Michael Pollan wrote one of my favorite books of all time: Omnivore's Dilemma. When it first came out, I did not do anything for a week while I absorbed his brillant analysis of the food, commodities and energy market of today. If you haven't read it, you should.
So it was with pleasure I opened my Sunday New York Times to see the cover story on the Time Magazine an article written by Michael Pollan. Titled "Out of the Kitchen, Onto the Couch," he explains how we have evovled from watching cooking shows so we can learn how to cook complicated and imaginative foods to sitting on the couch and watching other makes meals while we, all too often, bring home take-out or easy to microwave items. It is a thoughtful article inspired by the release of the movie Julie & Julia this week.
This movie has fixated the entertainment writers for better then a week now. Directed by Nora Ephron -- who brought you When Harry Met Sally -- and starring the incomparable Meryl Streep as Julia Childs -- so many reviews have been written about her portrayal of a woman who happily passed away at 92 in her sleep, it makes me wonder whether our interests are so diluted and specialized that we will rarely have cultural figures everyone would know.
I'm sure I will watch the movie which will be good for me because this past week of gluttonous eating every night has led to my skirts feeling a bit tighter. Instead of going to a restaurant, I am going to go to the movies. Mental candy as opposed to edible candy.
I took a good run this morning to work off the calories of an unexpectedly delicious meal last night. After having running errands for the better part of all day Saturday (This is the part of being a grown-up I absolutely deplore! I swear I will probably, if I ever get married, be the worst housewife ever because I hate to clean, run errands or do anything remotely domestic!), I settled down to a dinner at Chevy's Mexican Restaurant near Pentagon City.
Chevy's is a chain restaurant so you know the prices are relatively cheap. My chicken chimichanga was $9.99, but what was really delicious was the salsa. In fact, their salsa is so legendary, you can buy a bottle of salsa for $7.99. I'm not sure I will accurately capture the freshness and lightness of the salsa. Not purely tomato based, the completely pureed salsa arrived in a glorious mish-mash of color: a burgundy palate with splices of green and black. The chips were essentially salt-less and so airy I ate an entire basket myself.
I should have sensed the salsa was to-die-for simply by the service of the waiter who brought us our own individual bowls of salsa.

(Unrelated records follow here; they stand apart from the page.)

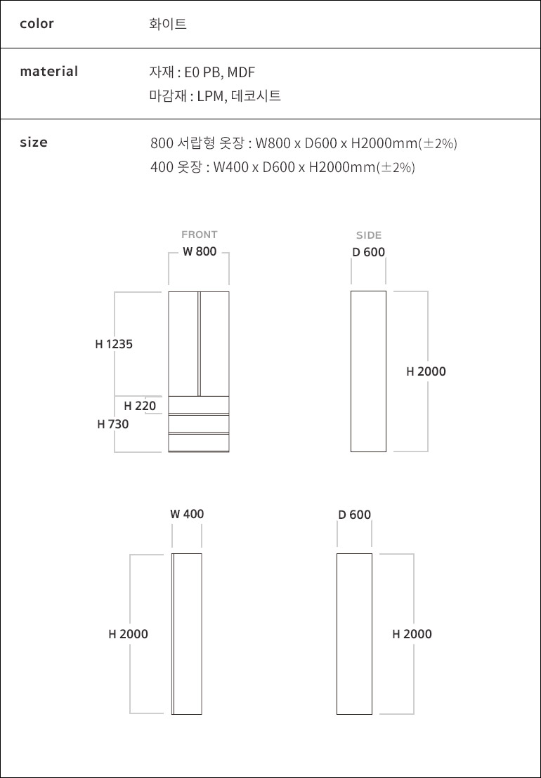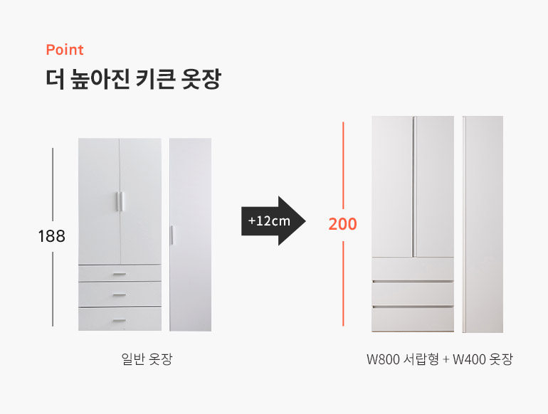 스칸디아 플랫 E0등급 1200 키큰 옷장(800 서랍형 옷장+400 일반형)
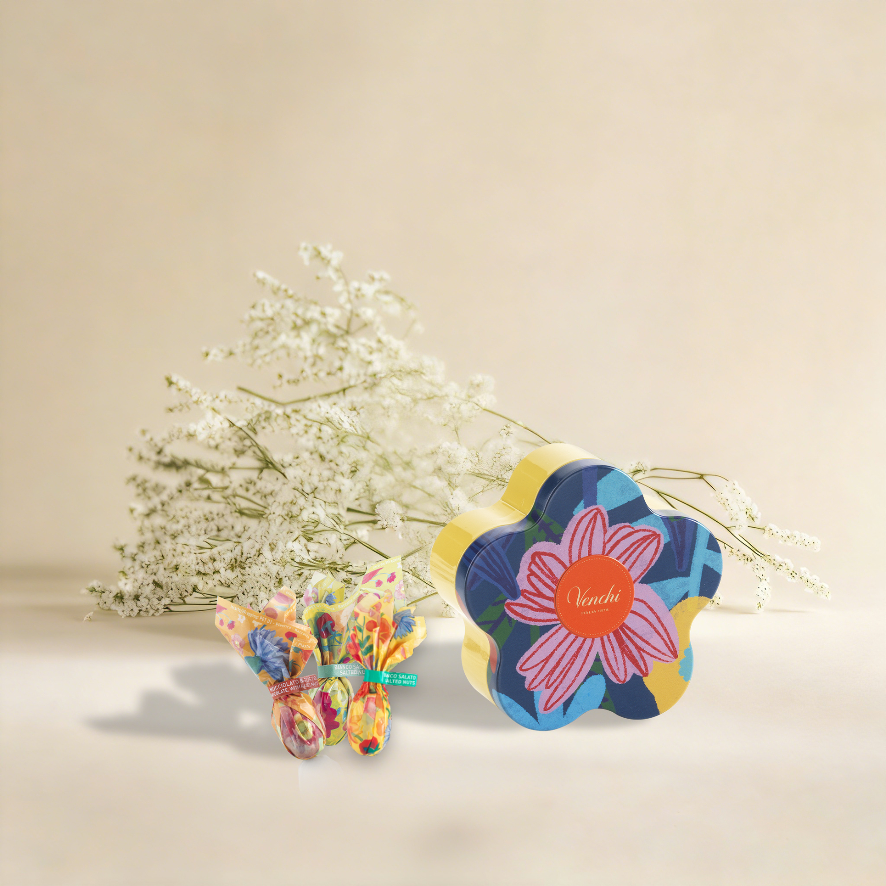 Charming flower-shaped metal tin filled with 5 limited-edition mini chocolate eggs in 3 delightful flavors: vibrant Pistachio, rich Hazelnut Dark Chocolate, and indulgent White Chocolate with Salted Nuts.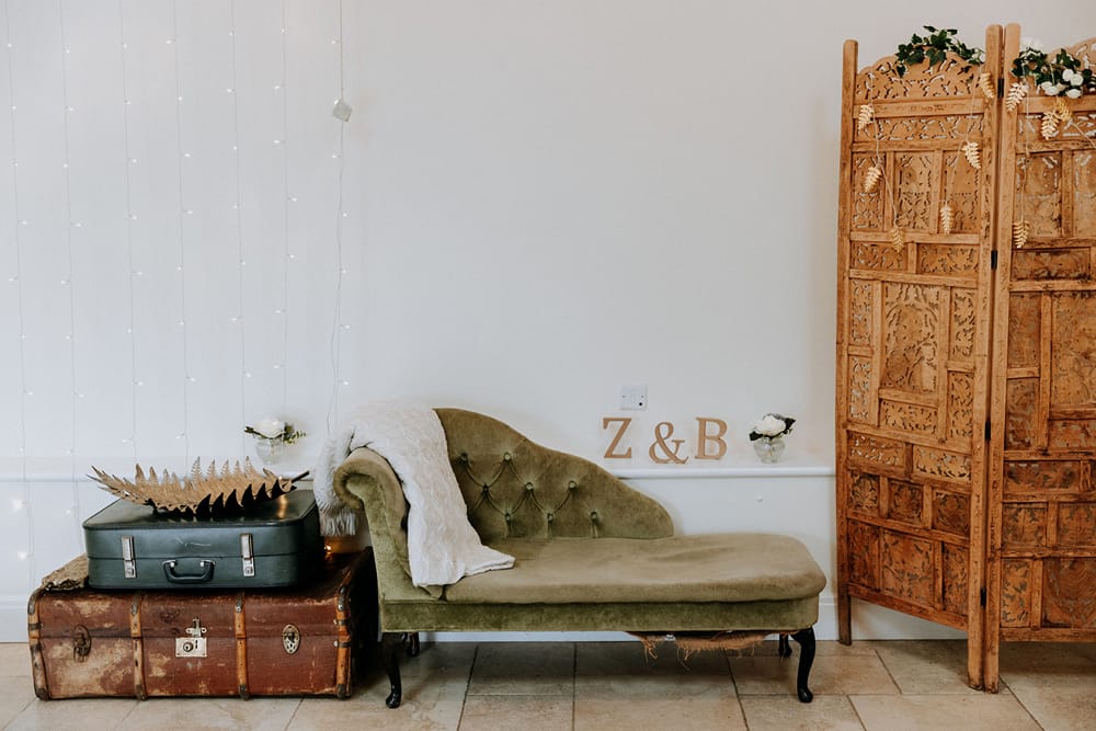 Decorating the venue was a DIY endeavour, with thrifted items, wooden screens, vintage barware, and peacock chairs all hired from Botanical Vintage. I very much wanted this to be my vision, and my husband-to-be told me to ‘crack on’, so in true Zoe-style, I did. I thrifted for years, made cheesecloth napkins, and bought second-hand gold cutlery, charger plates and anything else needed! Despite the rain, the added elements created a wonderful atmosphere. Flowers and foliage from Summer Lilly’s were exquisite; the flowers were a mixture of white flowers, thistles that represented my grandparents and heaps of foliage for a natural feel. We also had the ladies make a small rustic bouquet from dried flowers and a matching flower crown for our ‘pre-wedding’ at the registry office the day before. Nothing was too much for them.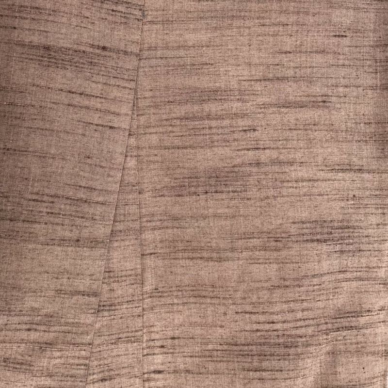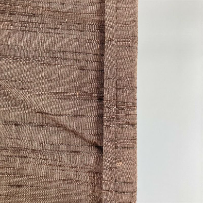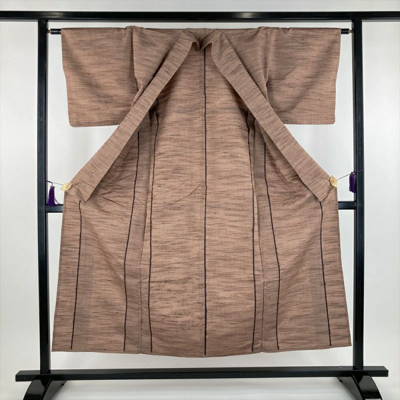 (中古) 単衣紬 茶 紅白橡色 カジュアル 織り 途切れ横段 ひとえ SS【身丈】148cm【裄丈】63cm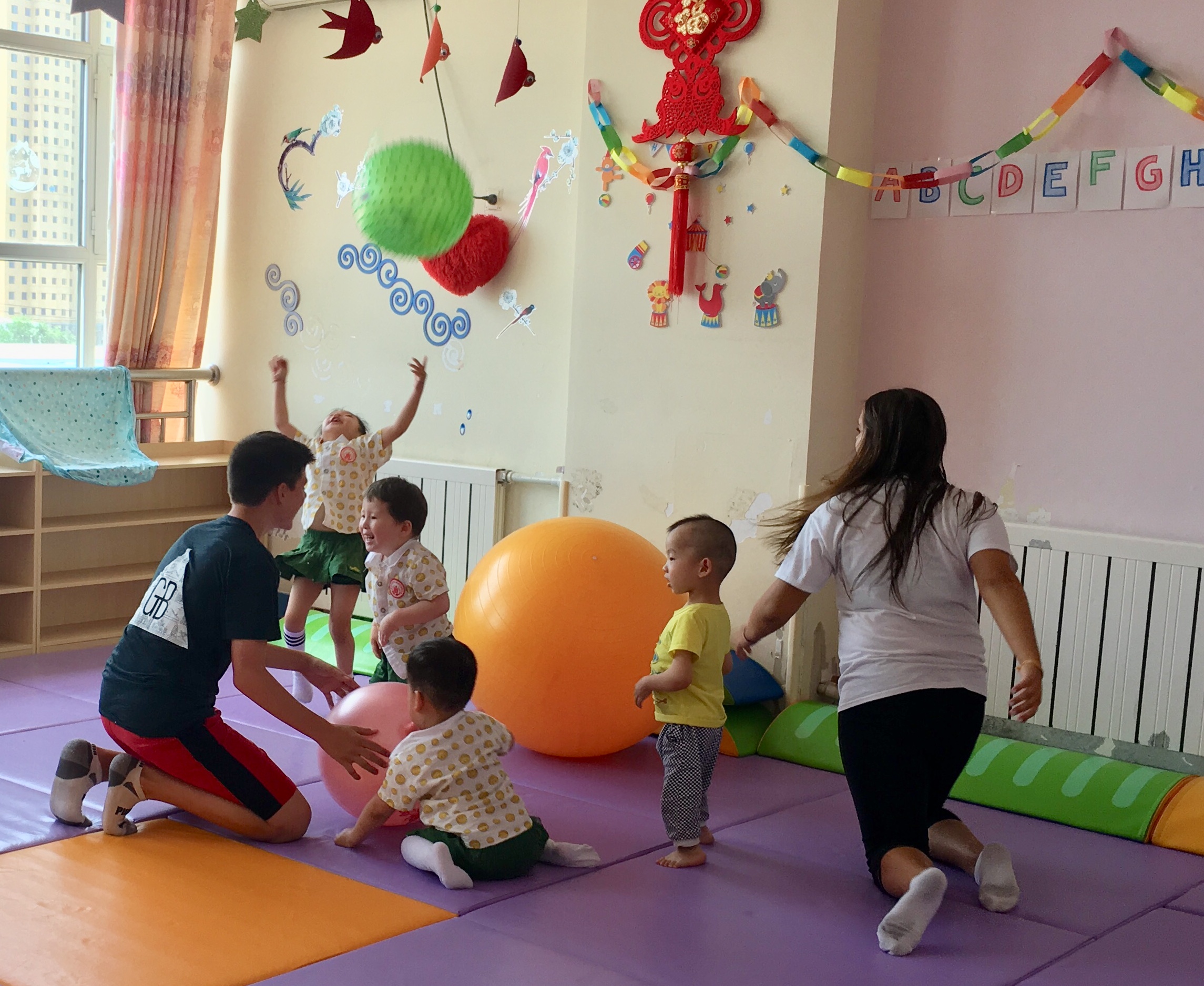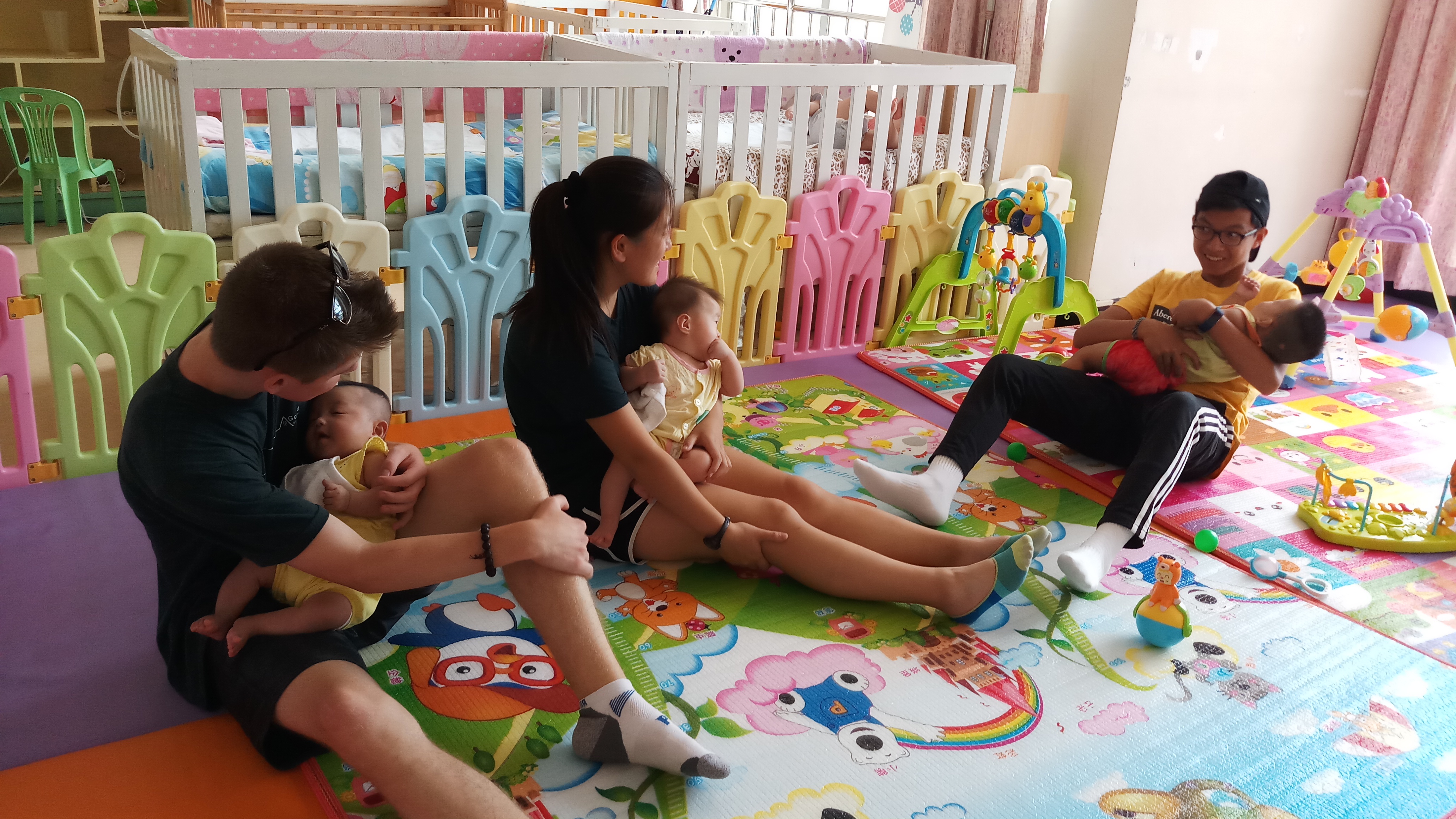 On July 7th, we went to the Little Flower Baby Home in the public orphanage in Baotou. The place was so happy and colorful which was a massive contrast to the drab idea of an orphanage. The older children screamed with pleasure when they saw us and regarded us as “GeGe” and “JieJie,” meaning older brother and older sister. The energy was overwhelming on the first day as they were not shy at all. These children just radiated energy and joy so we all couldn’t help but feel the same way. The kids pulled us into the play area and yelled at us to join them. The women who took care of the children, regarded as “Ayi” (i-e), meaning, “aunt,” watched us with the children and were surprised and pleased with how gentle we were with the kids. In the baby room, it was so much calmer, but the babies were just as happy. It was so heartwarming how happy the kids were.

Which reminds me. I wrote a review for NBC Washington nearly a year ago which caused quite the rucus because I said Lauriol Plaza in D.C. was the best Mexican food in the city. I still get amused by the fracus simply because I was only choosing a locale in the city -- as opposed to Virginia or Maryland. I'm just a critic, just one person's opinion, so raising someone's hackles is always interesting.
This week I'm excited to go to Texas and get some real Tex-Mex though!